As the days pass, he got closer to me; out of touch but never out of sight.

And as he got closer, something was changing. One by one, my personalities started to disappear; first was the Christian, then the drunkard. The intellectual and the atheist grew quiet, I still felt them but they never came back out. So the only one left was the child. I hated him, but I had no choice. I begged the two to come back but they only stared at me, their eyes emotionless and grey.

Was my child self the real me? I thought. I knew that he wasn’t, so why did my other personalities just shut themselves off?

“It’s because of me,” said a voice. I turned to where it came from and saw the gentleman, sitting on the edge of my bed. It was morning but he was still enveloped in shadows. I rubbed my eyes, thinking that I was just imagining things. But seeing the crevice he left on my bed proved to me that he was real; to me, at least.

“Who are you?” I asked him.

He took off his top hat, and showed me his face.

That’s why he felt familiar, why it gave me a feeling of peace the first time I saw him.

His face… was mine.

“I am the part of you that you tried so hard to ignore. That feeling that broke you. You tried to drown me out with alcohol and laughter, so I had no choice but to break the walls of existence. You will never get rid of me. I was with you when you were but a child, watching you grow up. And now I will stay with you; drag you down whenever you feel elated or break you when you feel stable. I stayed in the cracks of your sanity, becoming the very thing holding it together. You thought I was a friend and welcomed me. If only you embraced me sooner, I wouldn’t have grown this much hate towards you.”

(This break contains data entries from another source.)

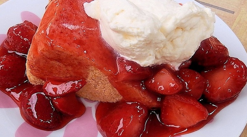 Try this Angel Food cake with fat free and sugar free creamy strawberry filling topped with cherries. This is a great alternative icing for guilt free desserts.
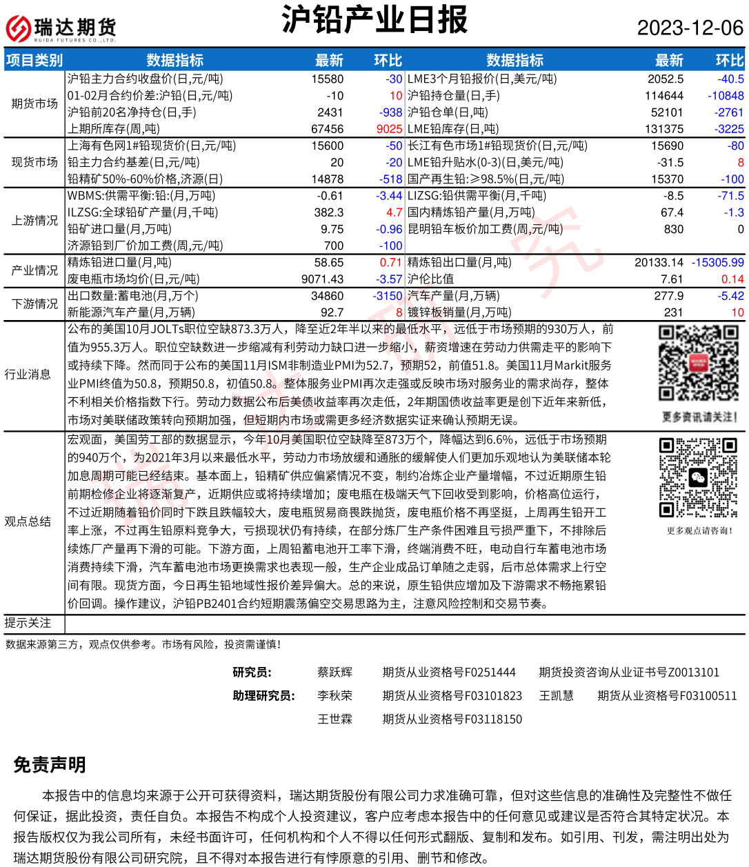 2025-12-24瑞达期货沪锡产业日报20251224
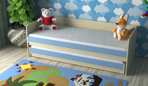 С выдвижной тоже проблем много, с конструкцией. Тем более дети разнополые практически рядом спать будут.
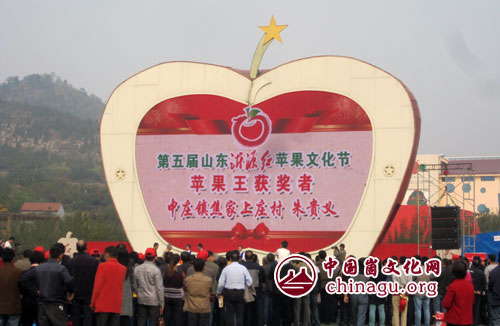 2012年10月15日,第二届山东沂源红苹果文化节在县文化广场召开。省农业厅副厅长庄文忠主持开幕式。国家农业部优质农产品开发服务中心副主任陈金发、省商务厅巡视员王德福、省旅游局党组成员张明池等出席了开幕式。省农业厅苏桂林发布了苹果新品种“沂源红”鉴定报告。 在为期6天的第二届沂源苹果文化节期间,一颗重达520.8g、色泽红艳、表面光滑、果型周正的苹果获评为“苹果王”。摘得果王桂冠的是中庄镇马兰峪村果农薛金唐,他摘得桂冠的同时还获得价值一万元的100袋多肽有机复合肥。“苹果王”最终被山东远东国际生物化工股份有限公司以8888元的高价拍得。 >>>第1页 >>>第2页 |
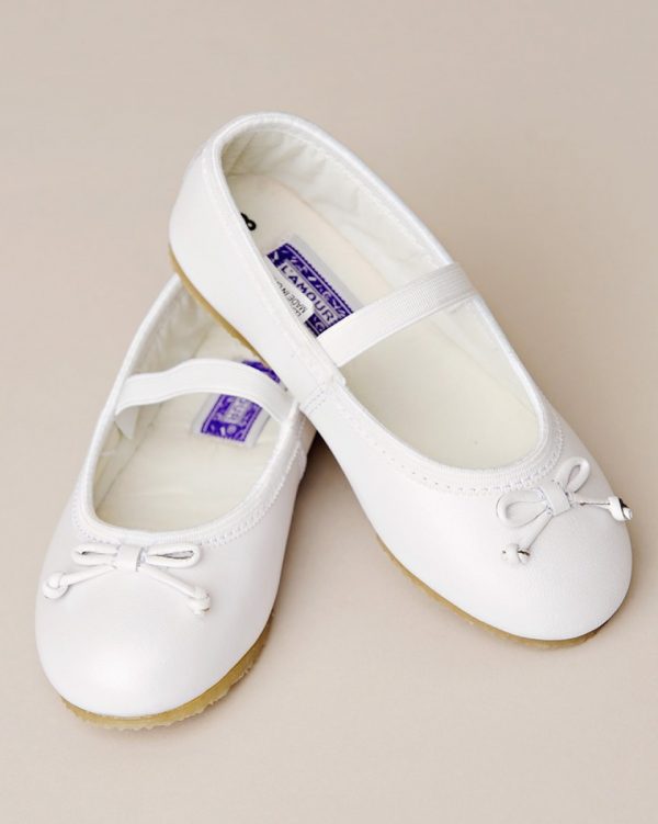 Versatile enough to complement any style, these dainty white leather ballet slippers are available in toddler sizes 5-9.
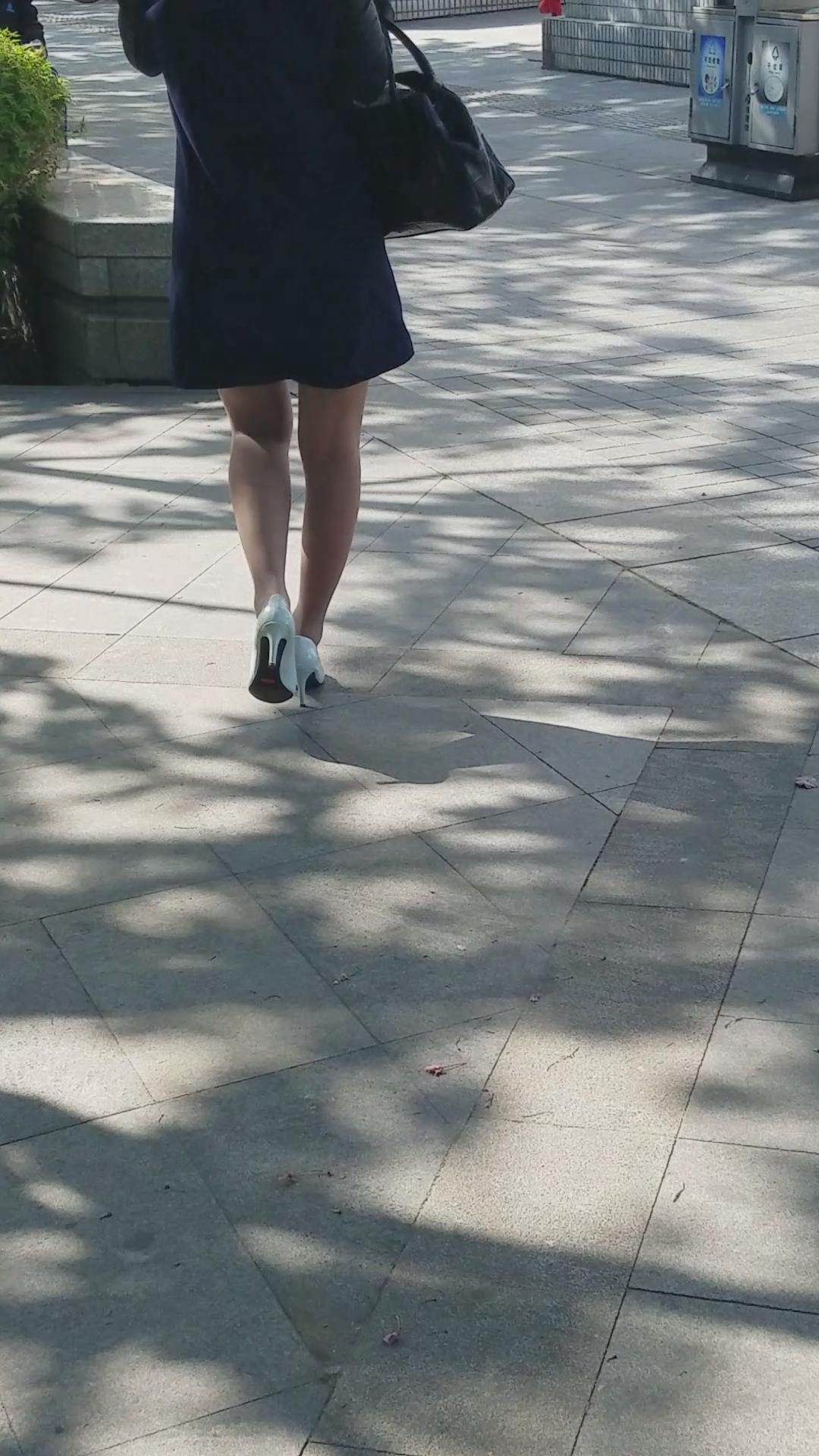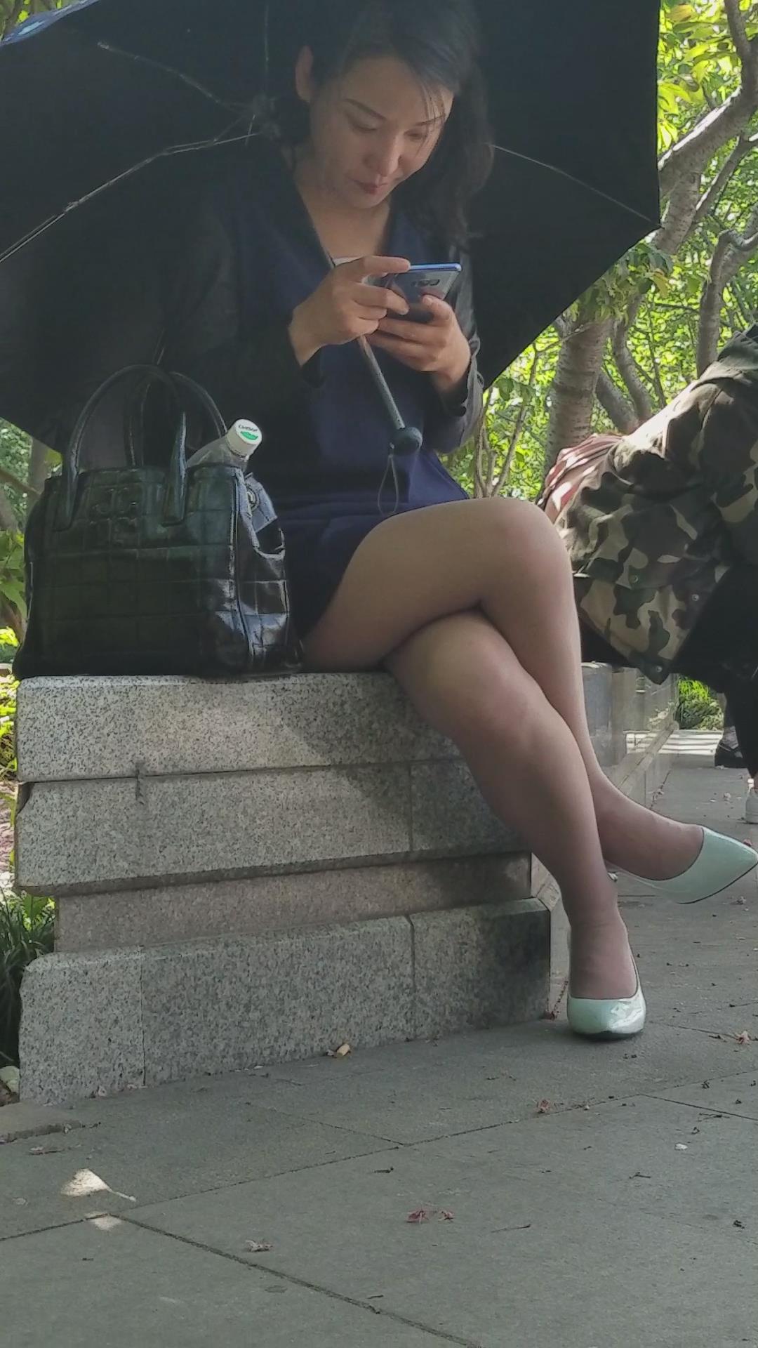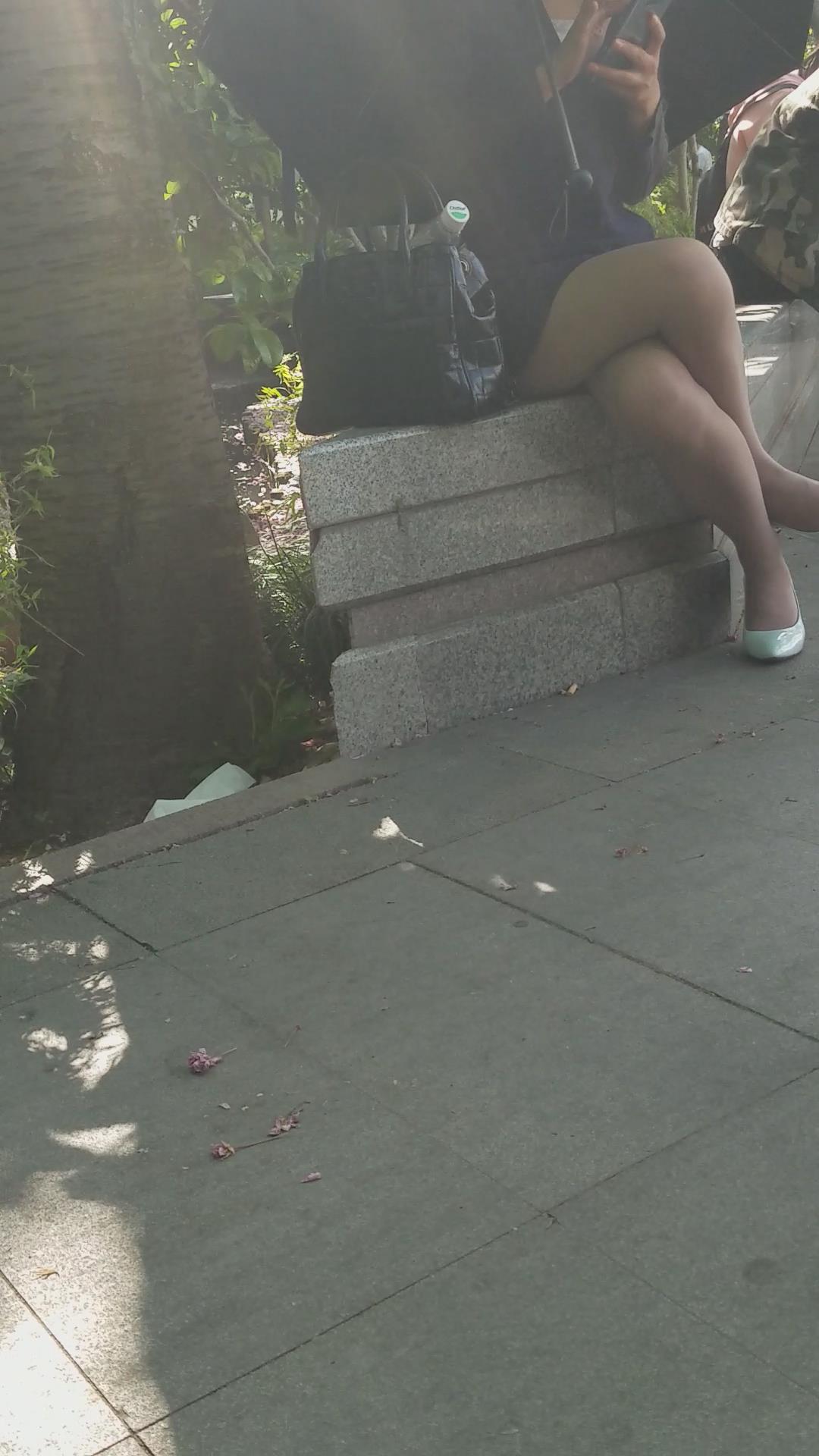 石凳上的黑丝高跟鞋性感美女对着手机傻乐 编号2051
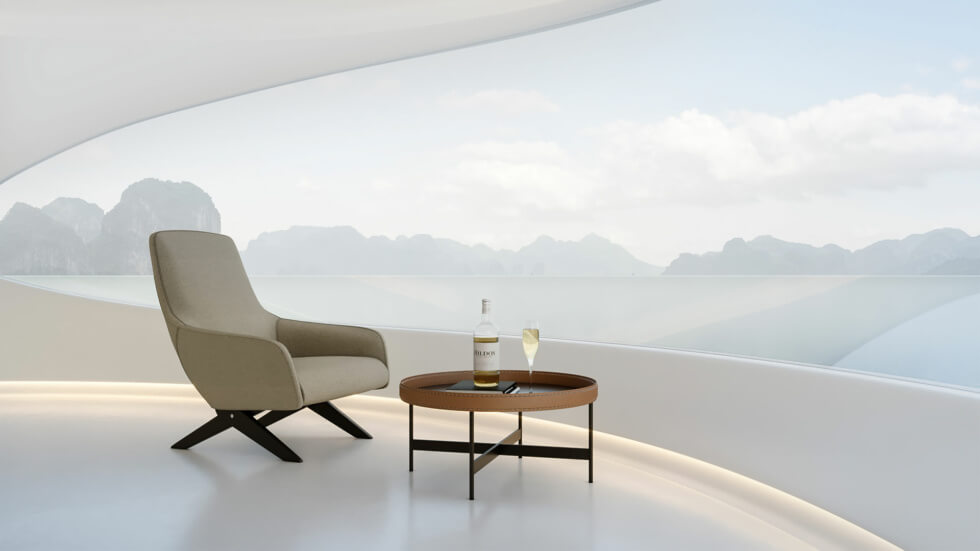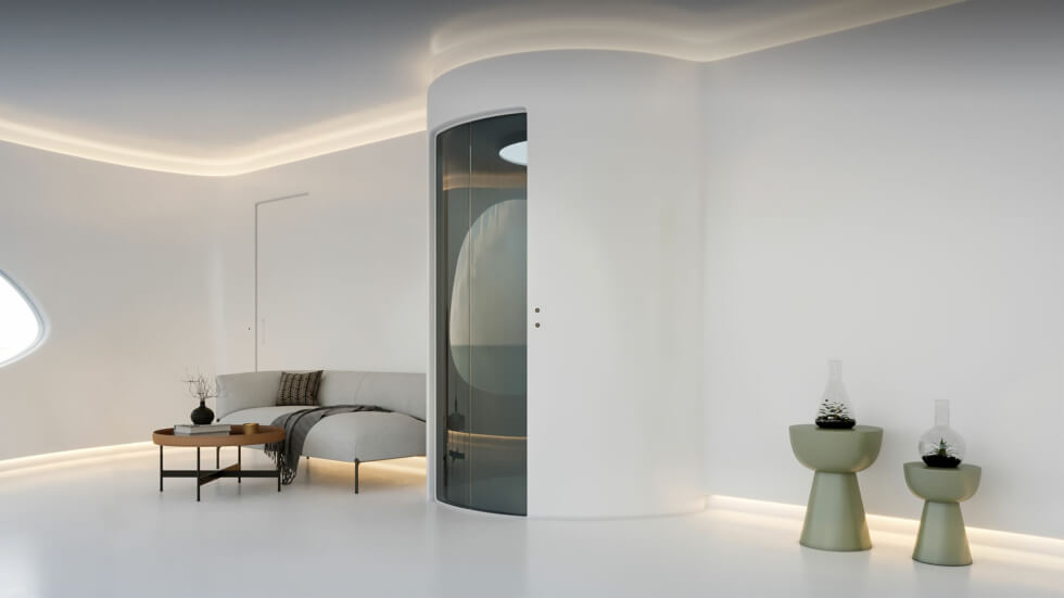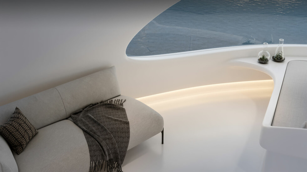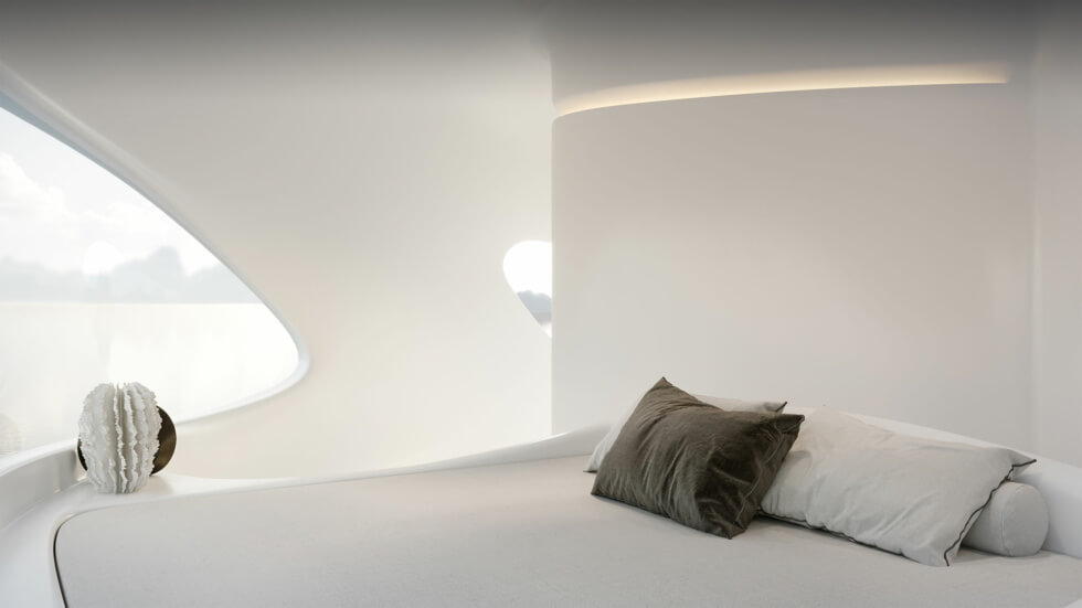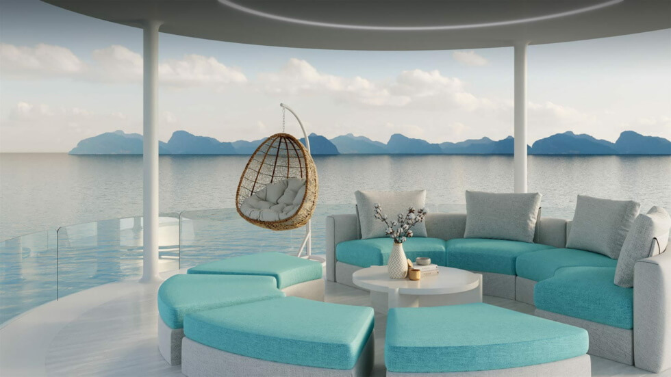 Steel, concrete, fiberglass, foam, and gel coat comprise its construction. 360-degree views of the surrounding seascape are possible with 578.45 square feet of panoramic glazing. There’s a living room, master bedroom, kitchen, bathroom, balcony, and more. Guests or owners wear a smart ring to unlock doors and activate various functions around the SeaPod.
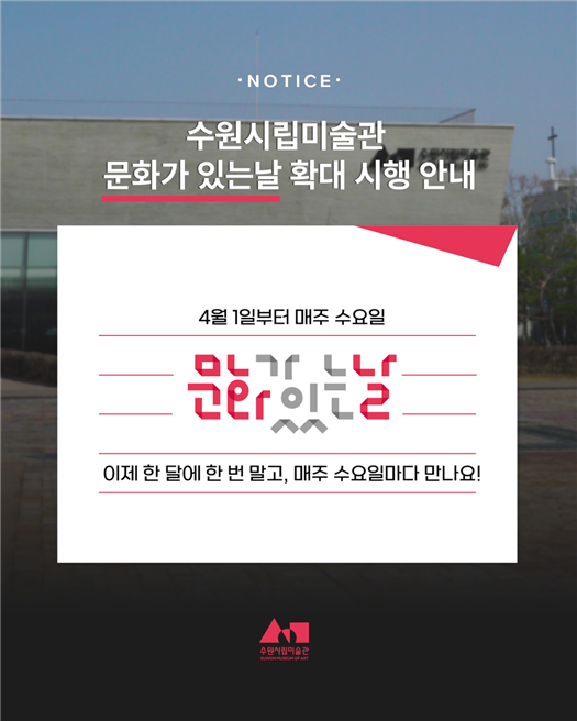 경기도 수원시립미술관(관장 남기민)은 4월 1일부터 ‘문화가 있는 날’ 운영을 기존 매월 마지막 주 수요일 1회에서 매주 수요일로 확대 운영한다고 25일 밝혔다.

I heard him in my head, but I could see him in front of me. He was right. I shouldn’t have ignored him. I shouldn’t have shut him out. He was that part of life that people get scared of. He was that aspect of life that I couldn’t accept.

He was maturity. And now that I didn’t nurture him, he became something nastier. He became a monster that will forever haunt me all throughout my days. He became the very thing I feared in my childhood. A harbinger of suicidal thoughts and sleepless nights.

I was “Anxiety” and he was “Depression.”